As the Tacoma cleanup nears the 90 percent mark and about $100 million in costs, all hopes on are on a private land developer who has pledged $28 million more in cleanup funds. He plans to build condos and townhouses on the site. The big question now is whether the home building will survive the bad economic conditions that threaten developers everywhere.

“We knock on wood and hope he follows through all the way,” says Bliss More, a leader of the Sierra Club in Washington State. “There’s no other option for the community, and we don’t want this to turn into a brownfield.”

Asarco began smelting copper on the banks of Tacoma’s Commencement Bay in 1890, a few year after a smelter opened in El Paso.

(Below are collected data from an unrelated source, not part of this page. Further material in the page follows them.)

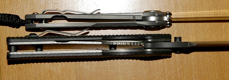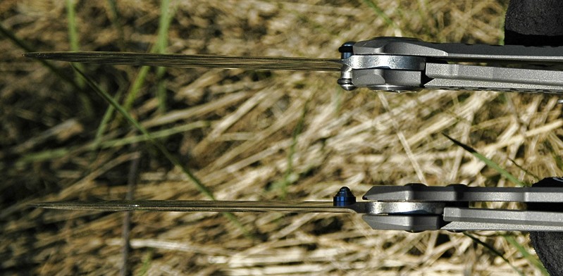 Omówienie ciekawostek i innowacji mamy za sobą, więc teraz przejdzmy do nieuchronnego porówania Umnumzaana z Sebenzą. Tej drugiej nie posiadam, ale miałem porównać na żywo egzemplarz kolego z moim nowym nabytkiem. Moje obserwacje są następujące: Umnumzaan jest dużo potężniej zbudowany od Sebenzy. Grubsze ostrze, grubsze tytanowe okładziny, to wszystko skutkuje tym, że w mojej dłoni leży lepiej niż Sebcia. Większe i wyraźniejsze wyfrezowania pod kciuk na klindze również uważam za duży plus.
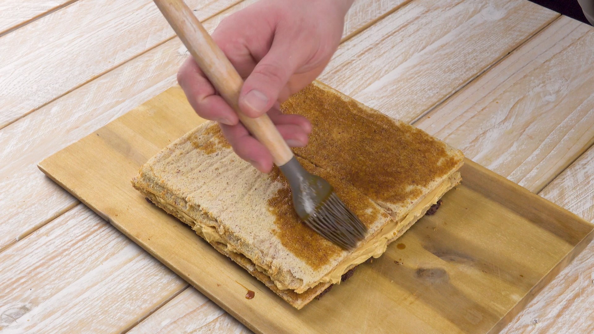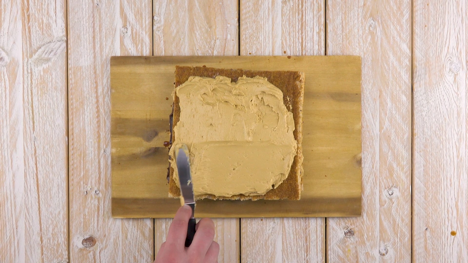 5.) Verstreiche die Hälfte der Creme auf der Kaffeeseite des Kuchenbodens mit der Knusperschicht. Belege die Cremeschicht nun mit dem dritten, zusammengesetzten Quadrat und bestreiche dieses wieder mit Kaffee.
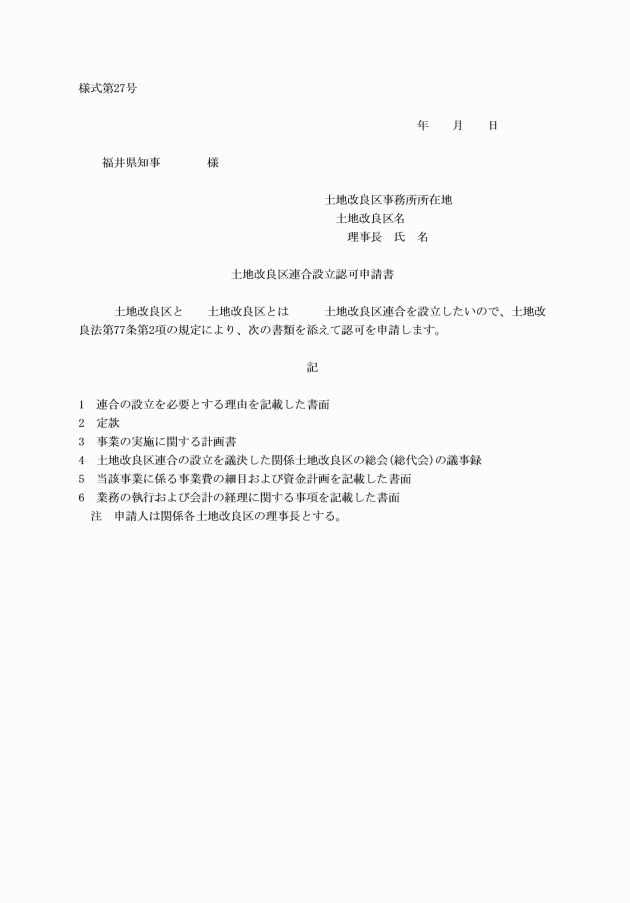 土地改良区連合設立認可申請書(法第77条第2項) | |

And just as in El Paso, Asarco built a company town next to it, and a large city grew up around the smelter that today is in the heart of an urban area.

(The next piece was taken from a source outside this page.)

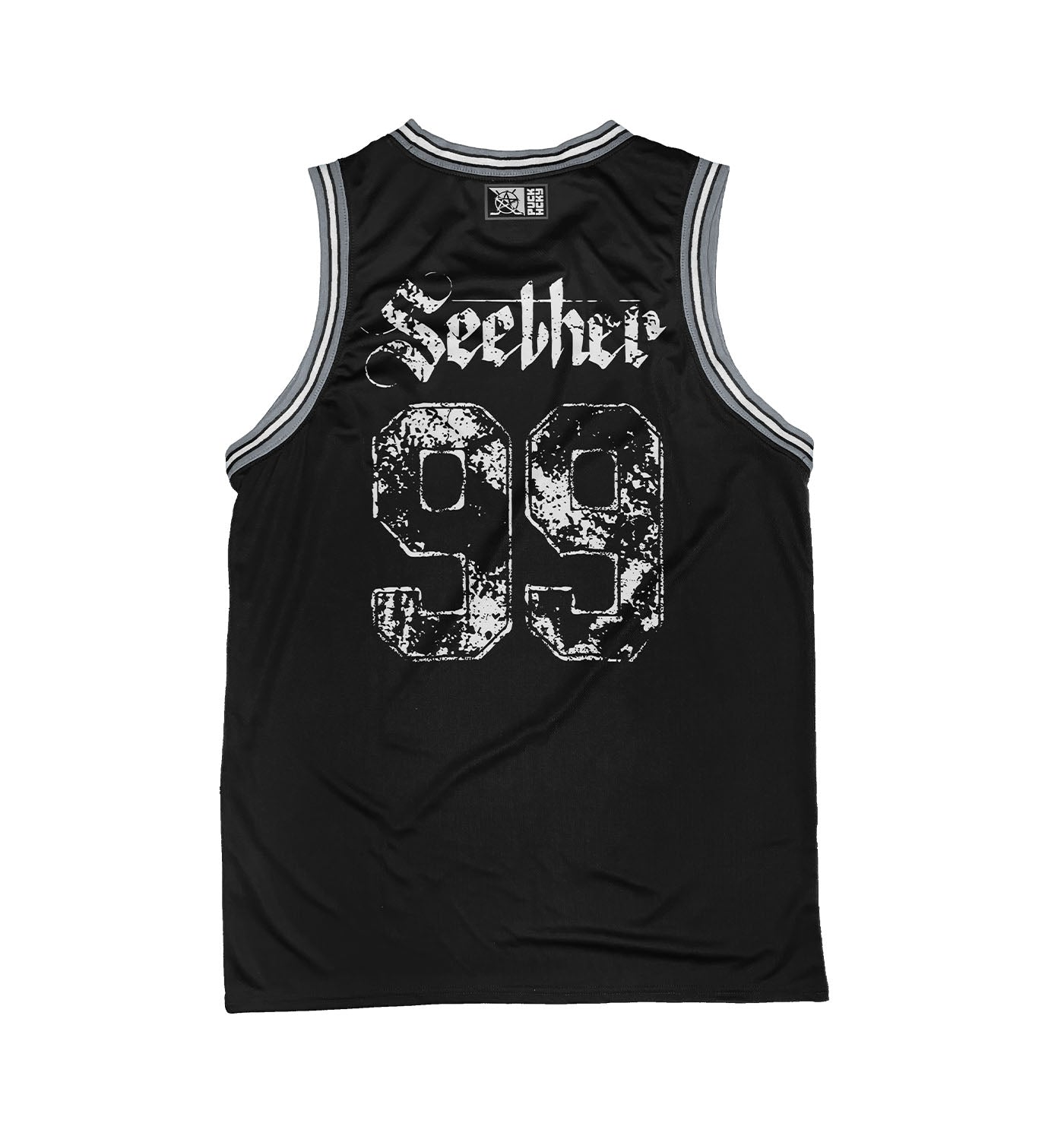 SEETHER 'THE S' sleeveless basketball jersey in black, grey, and white
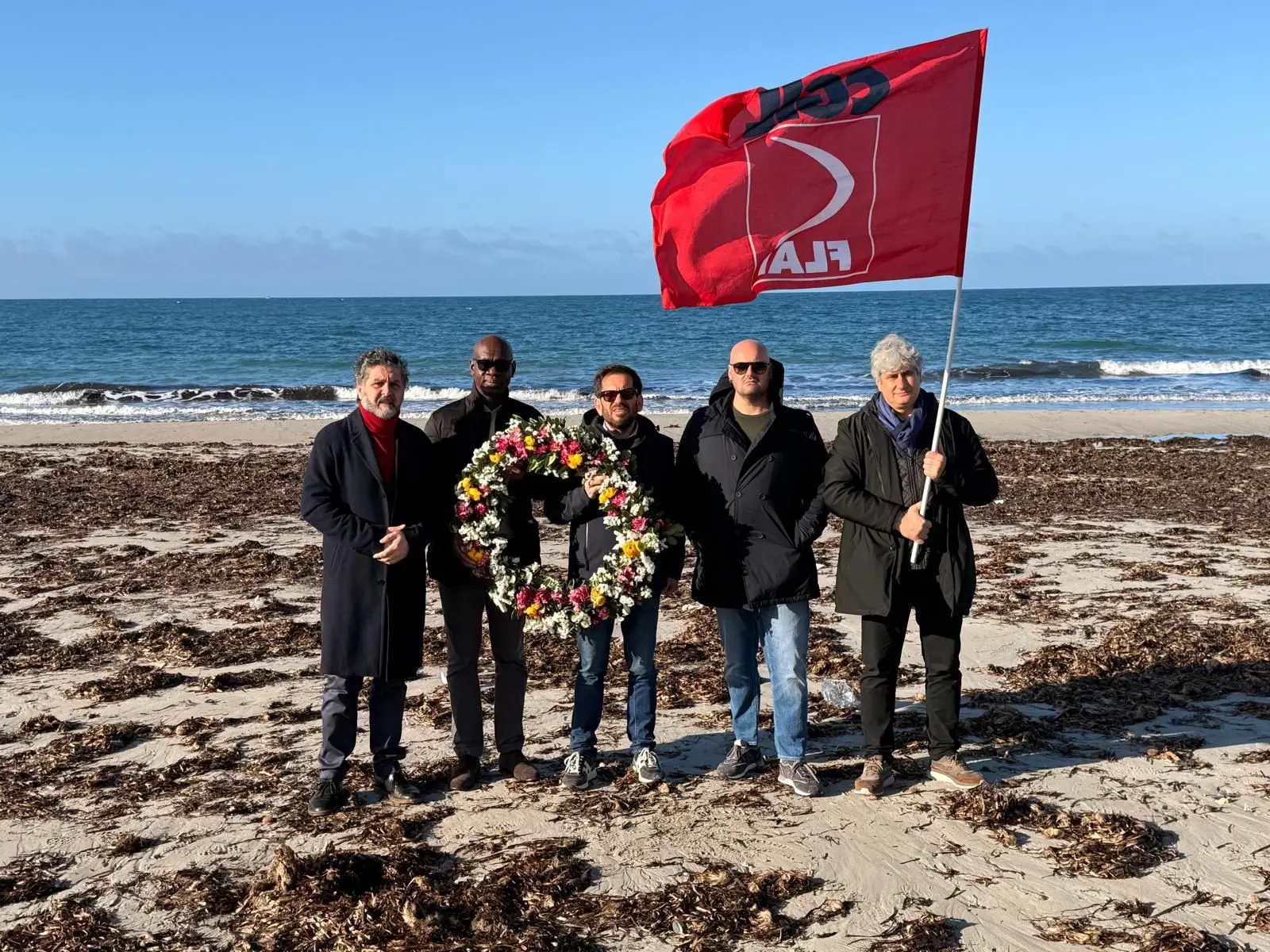 Una corona di fiori sulla spiaggia di Petrosino per ricordare i migranti morti in mare durante il ciclone Harry. Le vittime “di politiche migratorie fallimentari dell’Europa e dell’Italia e dell’indifferenza”, i cui corpi riaffiorano in questi giorni nei litorali della Sicilia. A deporla stamani, 24 febbraio, una delegazione della Flai Cgil Sicilia e nazionale che, insieme al sindaco del comune del trapanese, Giacomo Anastasi, ha voluto così testimoniare lo sgomento di fronte alle tragedie che stanno trasformando il mare Mediterraneo in un cimitero di persone che cercano di sfuggire alla fame e alle guerre nei loro paesi d’origine e trovano invece la morte.

In Tacoma, there are sweeping views of the water and distant mountains, and a ferryboat plies the water for commuters and vacationers.

But it became clear by 1983 that that the Tacoma smelter had caused extensive environmental damage to the site. It closed in 1985, and according to More, Asarco began to work in earnest to clean up its site and reputation. It was community event when the smelter’s 562-foot smokestack was brought down.

“I think (Asarco) really wanted to make this cleanup site a model for what they can do across the country — one they really want to do right,” More said. “All the communities came together with Asarco and the EPA and bought off on this plan.”

A spokeswoman for the EPA’s Region 10 in Seattle said nearly all the money for the cleanup has come from private sources, primarily Asarco itself.

An Asarco spokeswoman said the company would not comment for this story.

The Tacoma cleanup stalled after the purchase of Asarco by Grupo Mexico in 1999 and then again in 2005 when the company entered bankruptcy protection. Now the hope is that developer Mike Cohen can finish the job.

“Our project is unique,” Cohen said. “The smelter was in the heart of a prime residential neighborhood next to some tremendous amenities. It has a lot going for it.”

Cohen plans to build 1,000 condos, townhouses and single-family homes, 120,000-square-feet of retail space and more than 100,000-square-feet of office space.

In addition to the estimated clean up cost of $28 million, Cohen made an upfront cash payment of $6.2 million. His development costs, he estimates, will be about $20 million.

He admits that the economy is taking its toll. Sales are only half of what he had projected. But, he says, “We are probably doing better than anyone else.”

The El Paso cleanup may take at least as long. For one thing the site is larger than the one in Tacoma. The Tacoma site is 97 acres. The El Paso site is about 400 acres. Asarco and the Texas Commission on Environmental Quality are talking about establishing a cleanup fund of $52 million, less than half of what it cost to clean up Tacoma.

Investigators wearing moon suits will have to drill thousands of holes in the ground down as far as 20 feet, says Neal Carman, who works on clean air issues for the Sierra Club in Texas. The results will have to be analyzed and then the pollution will have to be mapped all before the digging begins.

Expect to find lead, cadmium, arsenic and other metals, said Carman, who also worked for what was known as the Texas Air Pollution Control board. Also, PCBs or polychlorinated biphenyls, a suspected carcinogen used until 1978 as lubricants and coolants particularly in electric equipment.

These cleanups “can go on for years,” he said. “It just depends what they find.”